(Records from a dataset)

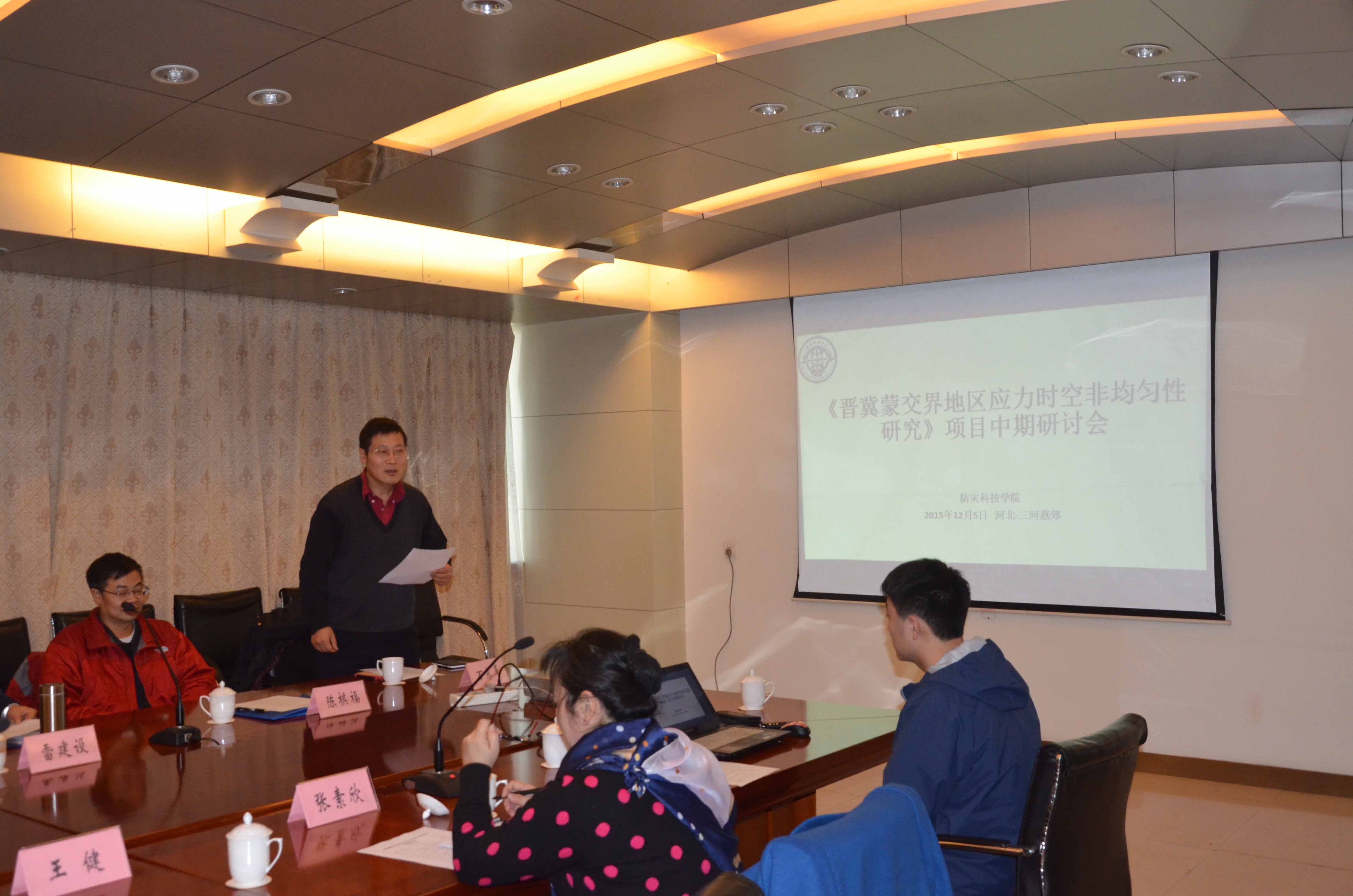 2015年12月5日,地震科学系万永革研究员的研究小组举办了《晋冀蒙交界地区应力时空非均匀性研究》项目的中期研讨会。出席本次会议的外单位专家有:中国科学院地质与地球物理研究所陈琪福研究员,中国地震局地壳应力研究所雷建设研究员、张永庆副研究员,河北省地震局张素欣研究员、王立军高级工程师、王晓山副研究员,青海省地震局屠泓为副研究员、内蒙古自治区地震局韩晓明高级工程师、河北省地震局邯郸中心台副台长闫俊岗高级工程师等研究人员;学院科研处副处长蔡晓光副教授,学院基础部王福昌教授等人员应邀参加了本次会议。
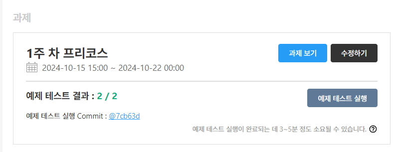 과제를 제출하고 예제 테스트 진행 결과 다행히 테스트 실패 없이 성공하였다.
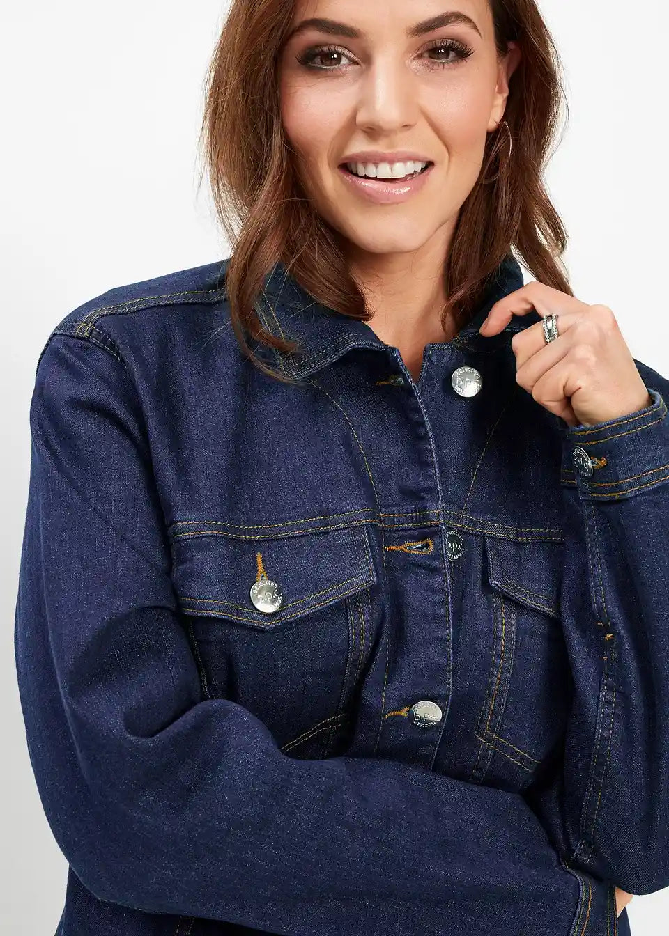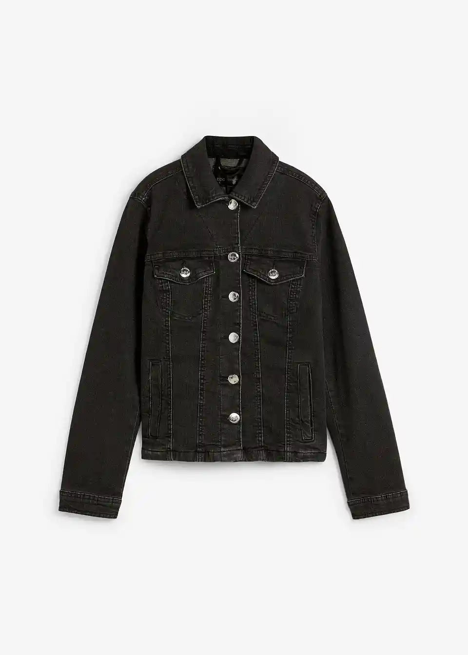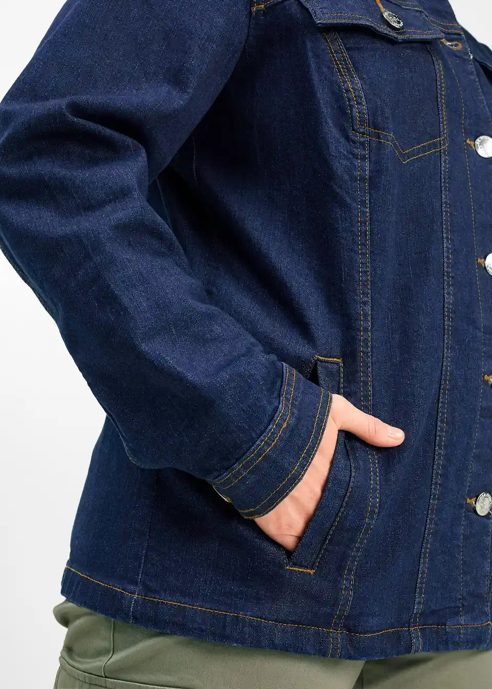 rahlo oprijeta, v stilu jeans jaken s stranskimi žepi, gumbnim zapenjanjem in tipičnimi delilnimi šivi, dolžina približno 57 cm (velikost 36) do približno 70 cm (velikost 52), pralna v pralnem stroju,
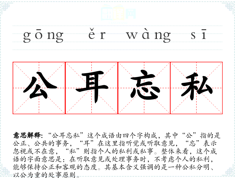 “公耳忘私”这个成语由四个字构成,其中“公”指的是公正、公共的事务,“耳”在这里指听觉或听取意见,“忘”表示忽视或不在意,“私”则指个人的私利或私事。整体来看,这个成语的字面意思是:在听取意见或处理事务时,不考虑个人的私利,能够保持公正和客观的态度。其基本含义强调的是一种公私分明、以公为重的处事原则。
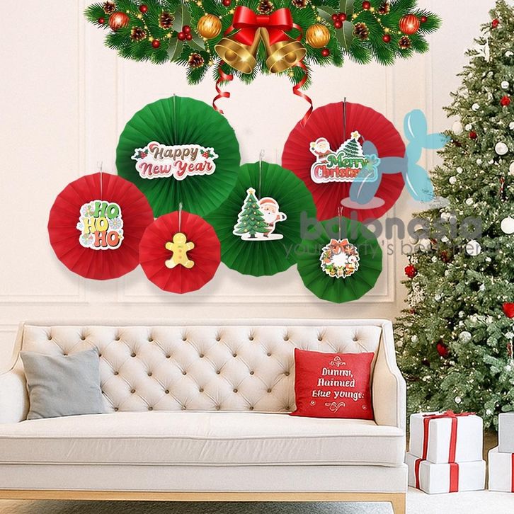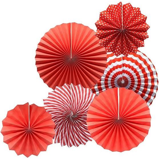 Dekorasi Pesta 6 pcs Paper Fan High Quality / Natal Merah Hijau / Merah paperfan biru pink / Dirgahayu RI
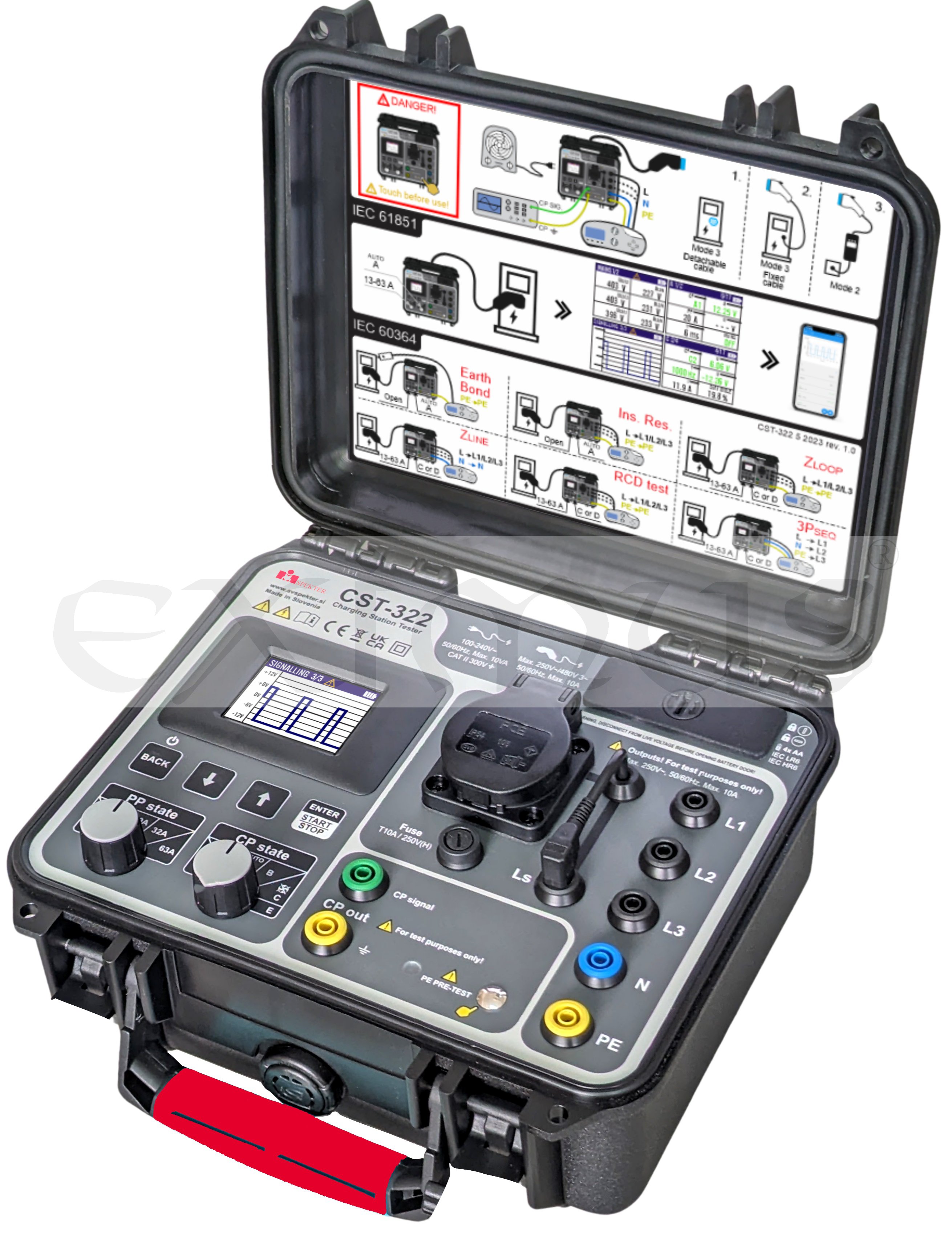 Analyzátor nabíjecích stanic pro elektromobily CST-322 je navržen v souladu s normami IEC/EN 61851-1 a IEC/HD 60364-7-72.
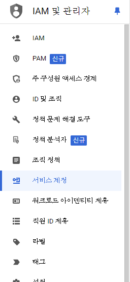 사용자 인증 정보 > 서비스 계정 > 서비스 계정 관리
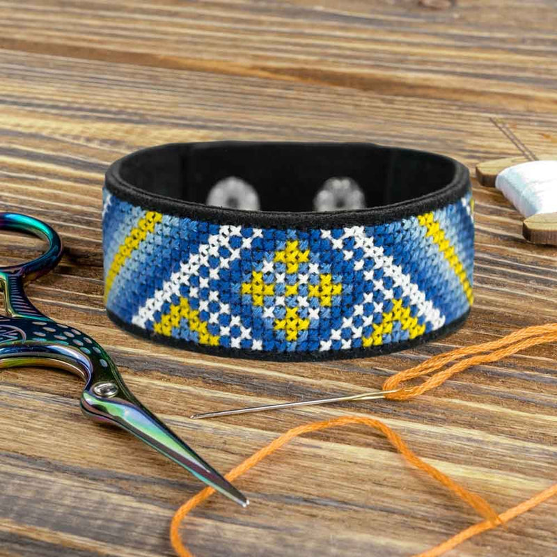 Cross-stitch kits on leather "Ethnic ornament" DIY Bracelet embroidery kit
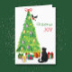 Na frente deste cartão de Natal, um curioso gato negro se senta ao lado de uma árvore de Natal, e assiste como uma touchada pousa nela. Pacotes de presentes embalados de forma breve estão espalhados. O texto vermelho e verde diz "JOY Natal". O dentro é um texto estilizado que diz MERRY CHRISTMAS, e um campo de texto para personalizar.
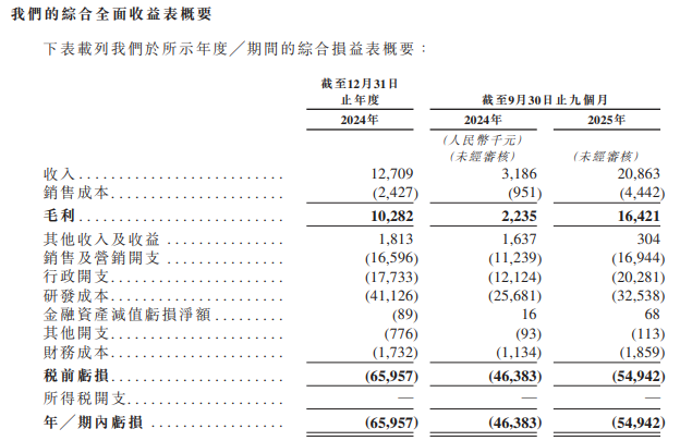 公司自成立以来一直处于净亏损状况,并预期在可预见未来将继续维持净亏损。2024年以及截至2024年及2025年9月30日止九个月,公司产生的净亏损分别为人民币66百万元、人民币46.4百万元及人民币54.9百万元。公司的业务处于研发驱动及早期商业化阶段,需要在产品开发、临床试验、监管申报及市场推广活动方面进行大量及持续投资。
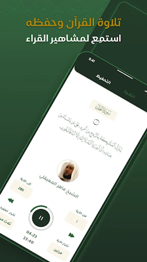 يمكِّنك التطبيق من الاستماع إلى القرآن الكريم بأصوات أشهر القراء.
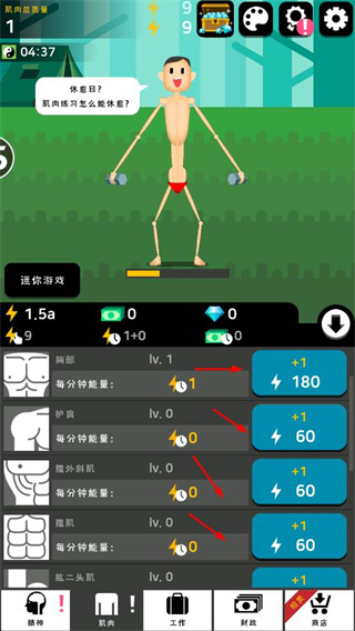 3、在肌肉界面,升級不同部位的肌肉,消耗能量提升肌肉等級,增加每分鐘能量產(chǎn)出。
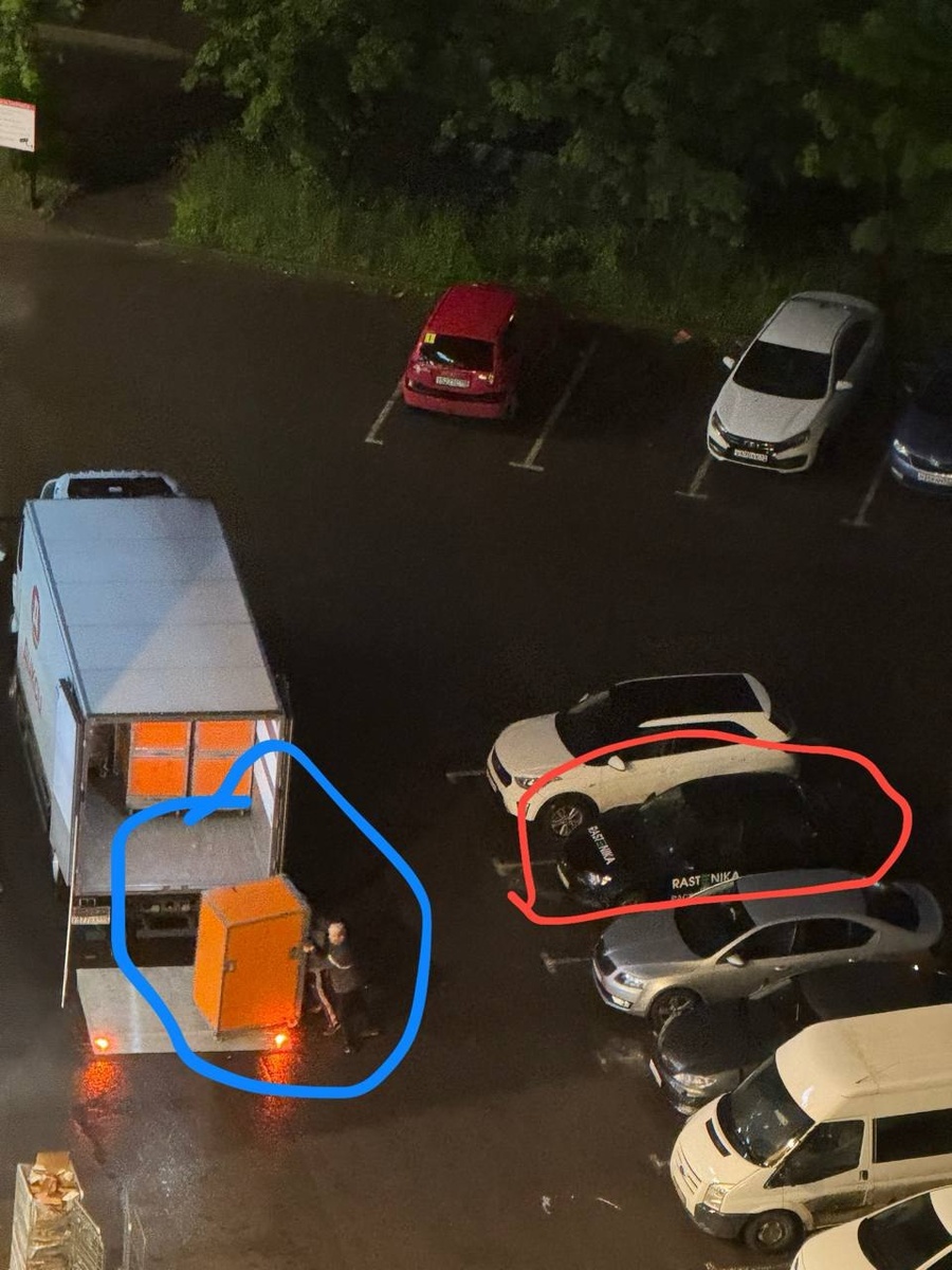 На Ленинградской в пол первого работники при разгрузке уронили коробку на черный автомобиль.
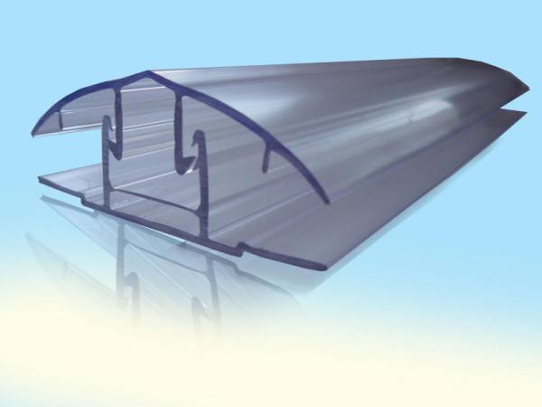 Si hay juntas de dos láminas de policarbonato, se utiliza un perfil para la conexión. La estanqueidad de la junta dentro del perfil está asegurada por la silicona incrustada.
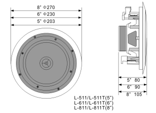 Dimension (mm):  Φ203x80  Φ230x90  Φ270x105
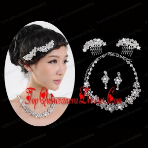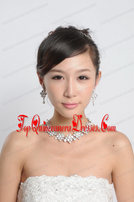 Beautiful Alloy With Rhinestone Anniversary Jewelry Set Including Necklace Earrings And Jewelry Comb
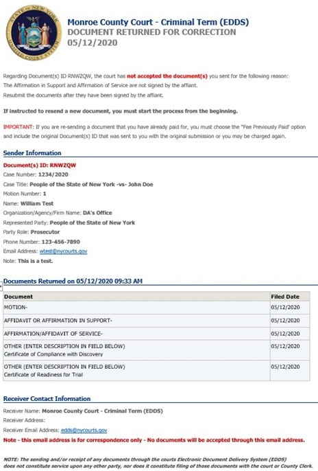 If your documents are returned for correction by the court, you will receive a second email, which will include important information about your submission and directions regarding how to proceed with your case [see example below]. If you do not receive a second email from the court, you may contact the court using the email address found in the email confirming receipt of your submission [read Step 9: Automated Receipt Confirmation Email], but do not use this email address to send documents to the court. It is for correspondence purposes only.
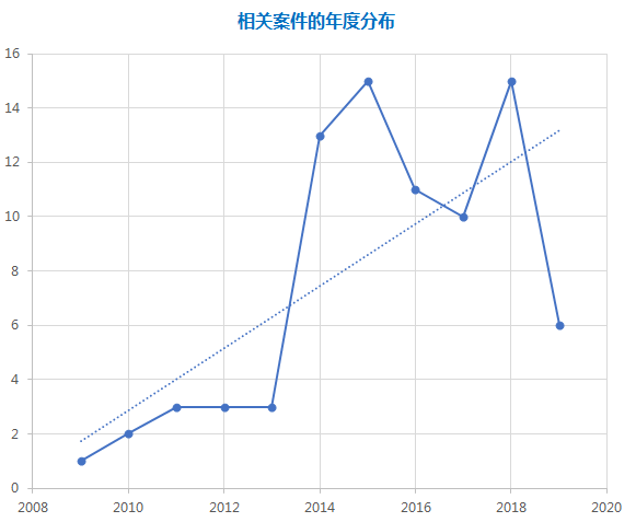 从案件的年度分布来看,相关案件整体呈逐年增长的趋势。2013年以前(含当年),每年涉及个人信息的劳动争议案件的数量均低于4件;2014年,相关案件数量增长至13件,较2013年增长了约300%;2018年,相关案件数量较2014年增长了15%。

__DIRECTIONS FOR THIS TASK__
Starting at the line above that contains "يمكِّنك التطبيق من", transcribe every line exactly through the line that contains "Beautiful Alloy With", including that last one, and skip the pictures.

__TASK ANSWER__
 يمكِّنك التطبيق من الاستماع إلى القرآن الكريم بأصوات أشهر القراء.
 3、在肌肉界面,升級不同部位的肌肉,消耗能量提升肌肉等級,增加每分鐘能量產(chǎn)出。
 На Ленинградской в пол первого работники при разгрузке уронили коробку на черный автомобиль.
 Si hay juntas de dos láminas de policarbonato, se utiliza un perfil para la conexión. La estanqueidad de la junta dentro del perfil está asegurada por la silicona incrustada.
 Dimension (mm):  Φ203x80  Φ230x90  Φ270x105
 Beautiful Alloy With Rhinestone Anniversary Jewelry Set Including Necklace Earrings And Jewelry Comb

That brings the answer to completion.